Classic Saethre-Chotzen syndrome (SCS) is characterized by coronal synostosis (unilateral or bilateral), facial asymmetry (particularly in individuals with unilateral coronal synostosis), ptosis, and characteristic appearance of the ear (small pinna with a prominent crus). Syndactyly of digits two and three of the hand is variably present. Intelligence is usually normal, although those with large genomic deletions are more likely to have developmental delays. Less common manifestations of SCS include short stature, parietal foramina, vertebral fusions, radioulnar synostosis, cleft palate, maxillary hypoplasia, ocular hypertelorism, hallux valgus, duplicated distal hallucal phalanx, and congenital heart malformations.


The diagnosis of SCS is primarily based on clinical findings. TWIST1 is the only gene in which mutations are known to cause SCS. Occasionally, affected individuals have a chromosome translocation involving 7p21 or ring chromosome 7.


Treatment of manifestations: Cranioplasty in the first year of life to prevent progressive facial asymmetry in those with asymmetric coronal fusion and to prevent increased intracranial pressure (ICP) in those with multiple sutural synostosis; midfacial surgery as needed for dental malocclusion, swallowing difficulties, and respiratory problems. If a cleft palate is present, surgical repair usually follows cranioplasty. As needed: orthodontic treatment and/or orthognathic surgery at the completion of facial growth; developmental intervention; routine treatment of hearing loss; ophthalmologic evaluation and, if ptosis is present, intervention to prevent amblyopia, with surgical repair during early childhood as needed. Prevention of secondary complications: Attention to possible cervical vertebral instability secondary to vertebral anomalies. Surveillance: Periodic ophthalmologic evaluation for chronic papilledema, strabismus, or amblyopia, or brain imaging in later life for evidence of increased intracranial pressure (ICP); routine re-evaluation for facial asymmetry, psychomotor development, and hearing loss.
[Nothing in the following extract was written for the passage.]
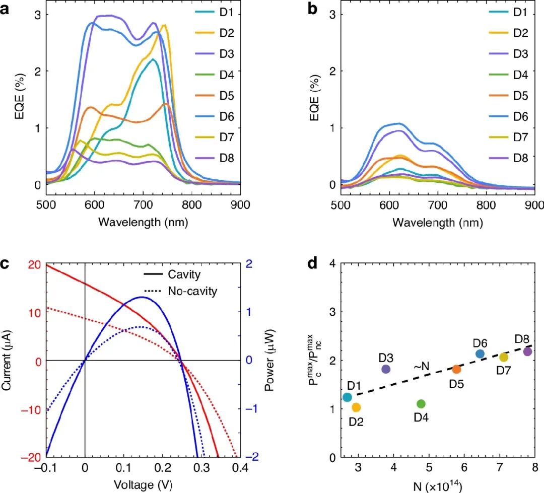研究团队制备了 8 个梯度器件(D1-D8),通过改变 CuPc 层厚度调控吸收分子数 N(2.8×10¹⁴~7.9×10¹⁴),并在同一衬底上同步制备无腔对照器件,彻底消除了工艺差异对实验结果的干扰。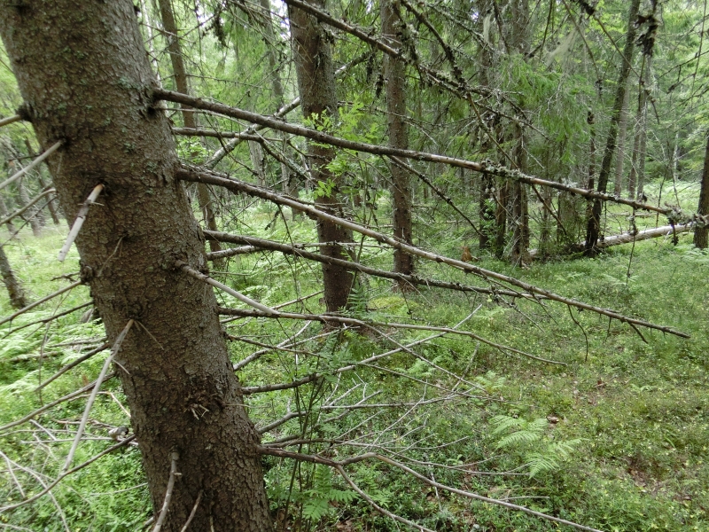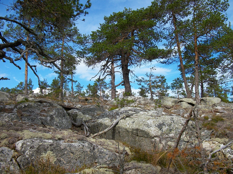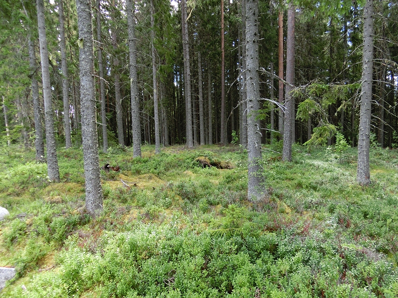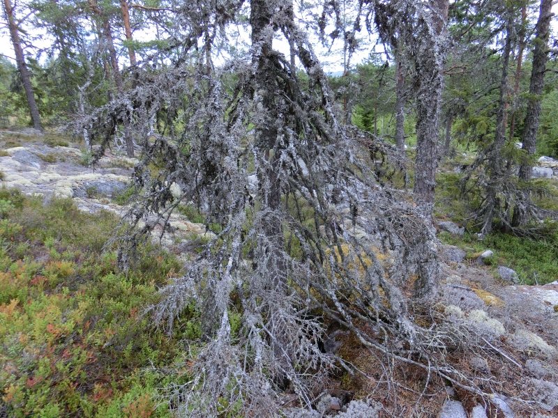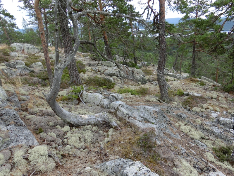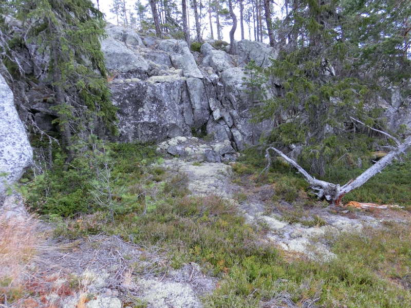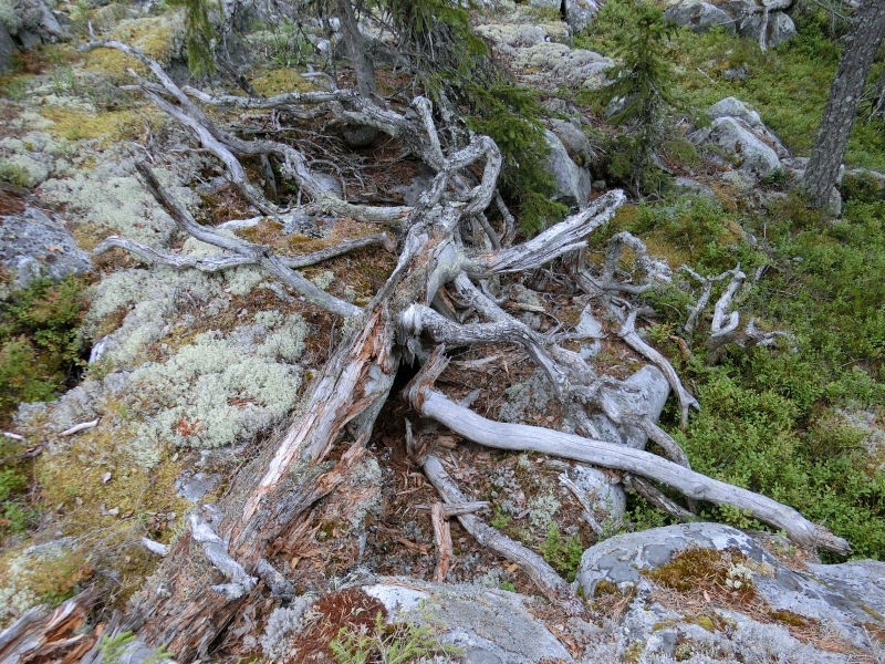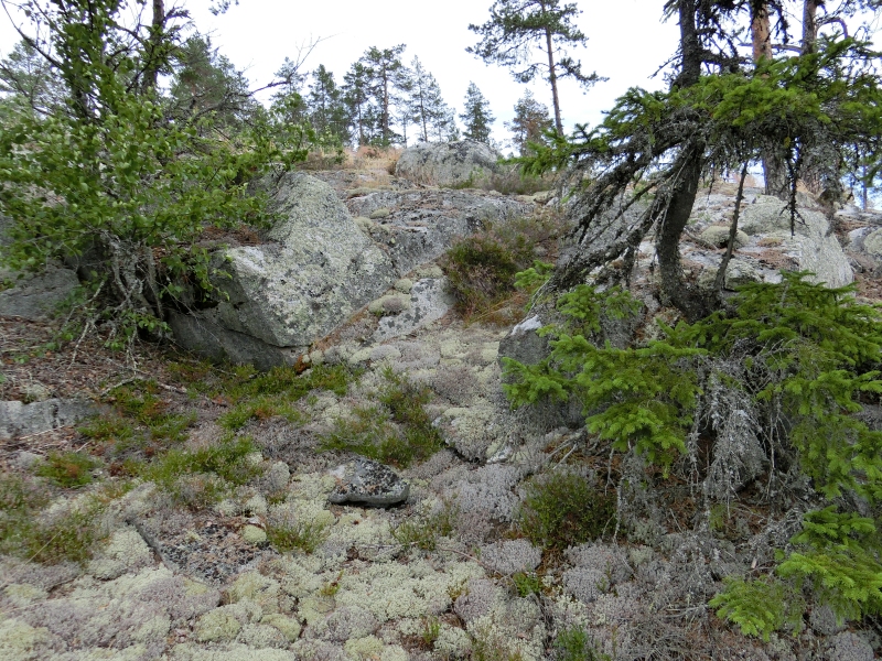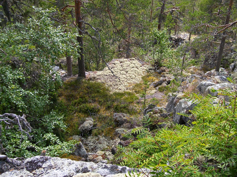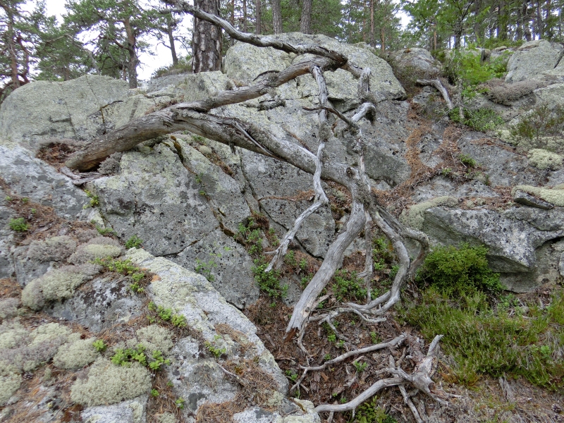 Här finns spillror av träd, vegetation och stenar med mossa av olika storlek.

SCS is inherited in an autosomal dominant manner. Many individuals diagnosed with SCS have an affected parent; the proportion of cases caused by a de novo mutation is unknown. Each child of an individual with SCS has a 50% chance of inheriting the mutation. Prenatal diagnosis for pregnancies at increased risk is possible if the disease-causing mutation has been identified in the family; however, requests for prenatal testing for conditions such as SCS are not common.